Friday, September 23, 2011
(day sixty-seven) spending time in the river of life
Yesterday was quite an eventful day (hence, why this blog is just now getting out :). I woke up at about 5:45 in the AM with messy hair, squinty eyes, and balance problems. Although I don't too much care for early mornings THIS one was special. I was going fishin' at the river with my pops! One of my favorite things in the world. Now, my decision making skills aren't the sharpest that early nor is my attitude the brightest. Along with that... and my senses being heightened to the nth degree, made for a dangerous medly of toxic emotional ingredients.
As soon as my dad started up the car the loudest, highest pitched, most annoying beep i ever heard began. I quickly reverted back to a little 6 year old girl holding my ears, putting my head between my knees and screaming..."daddy! can you please stop that?!" (as if it were his fault). My poor dad has the amazing ability (not disability in this case) to not hear high pitched sounds. What a gift i tell ya! So, while I was crippled with pain praying the glass wouldn't shatter and rabid dogs wouldn't attack our vehicle... my dad was aggravated with me being so troubled by a noise he could not hear. Our anticipated trip almost ended 5 minutes in, but thank the Lord the beeping stopped and we were well on our way!
Then about 5 minutes later I decided it was time for breakfast. So here I go shaking away my protein and almond milk mixture when little miss irritated forgot to close the lid! Before I knew it, my protein shake was all over the inside of the car including myself. Perfect. I just sat there frozen with gook all over fighting back the tears of frustration. Although I knew this trip had got off to a rocky start I was ecstatic about the destination and still hopeful for the rest of the journey. Dad immediately pulled over for napkins, a towel...and some coffee of course. I started apologizing for getting a late start because I knew my dad was so eager to get to the river.

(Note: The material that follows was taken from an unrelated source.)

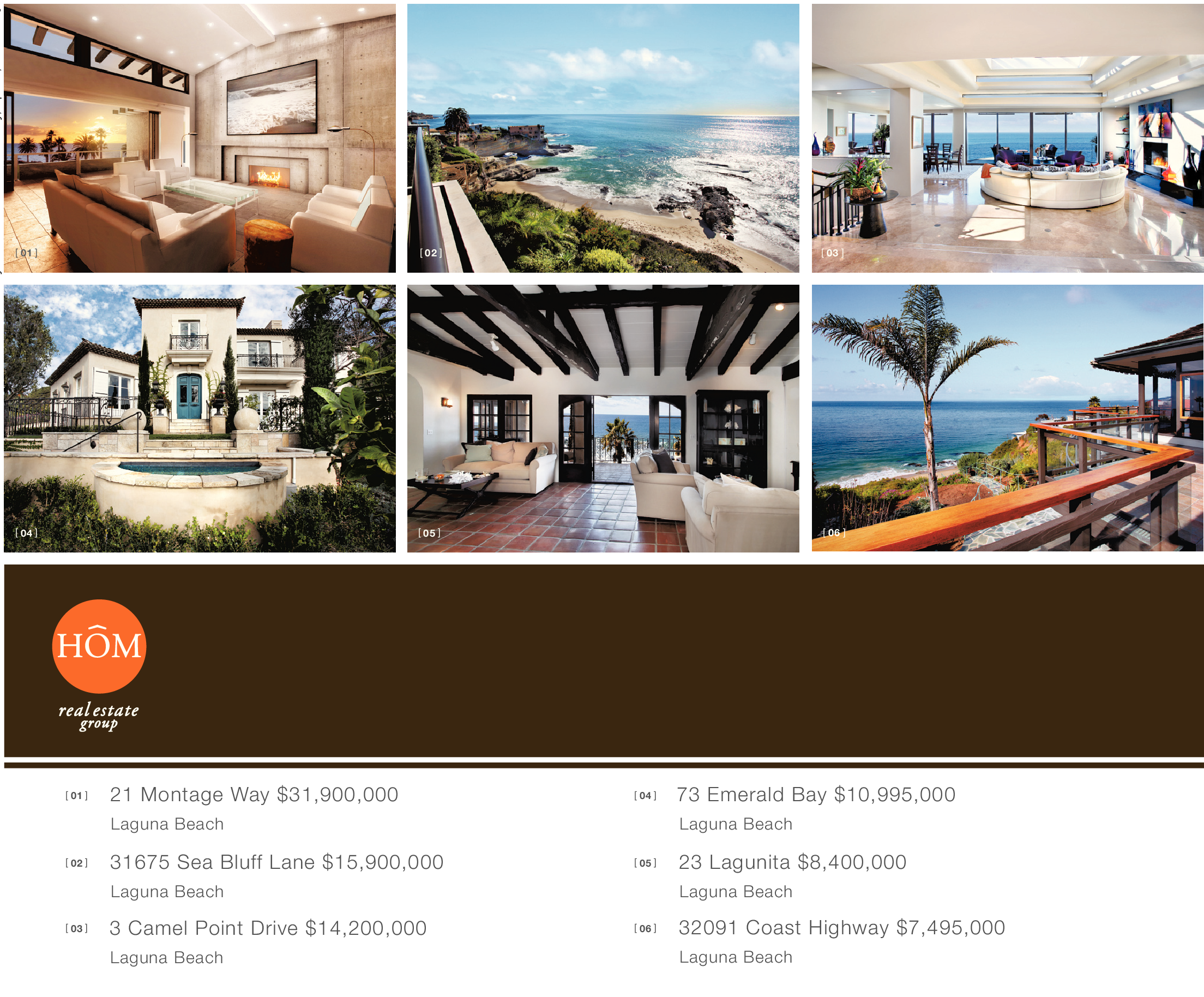 74 [ 01 ] [ 02 ] [ 03 ] [ 04 ] [ 05 ] [ 06 ] [ 01 ] [ 02 ] [ 03 ] 21 Montage Way $31,900,000 Laguna Beach 31675 Sea Bluff Lane $15,900,000 Laguna Beach 3 Camel Point Drive $14,200,000 Laguna Beach 73 Emerald Bay $10,995,000 Laguna Beach [ 04 ] [ 05 ] [ 06 ] 23 Lagunita $8,400,000 Laguna Beach 32091 Coast Highway $7,495,000 Laguna Beach

My sweet dad just looked at me and said something like, "Lindsey... I don't care when we left and I don't care when we get there, I just wanna be with you." Then He told me he was gonna pull over there anyway. It didn't take long for God to say, "listen to your dad lins, that's exactly how I feel about you." Wow. So much of the time we do "godly" things and sadly leave God behind. Isn't that strange? Or somewhere along the way we are doing these great things, but forget about who we are really doing them for. In that teachable moment I learned that my father in heaven is excited about being with me in the destination... but just as eager to for me to participate with Him in the journey. He's not concerned about getting a late start or catching a certain amount of fish, He just wants me to be WITH HIM. He delights in our company. Can you believe that? That the king of the universe and beyond enjoys every second with you!!! Except maybe those freaky meltdown moments. Even then, He wants to be present to bring peace into the situation and teach us something very valuable and eternal about His love.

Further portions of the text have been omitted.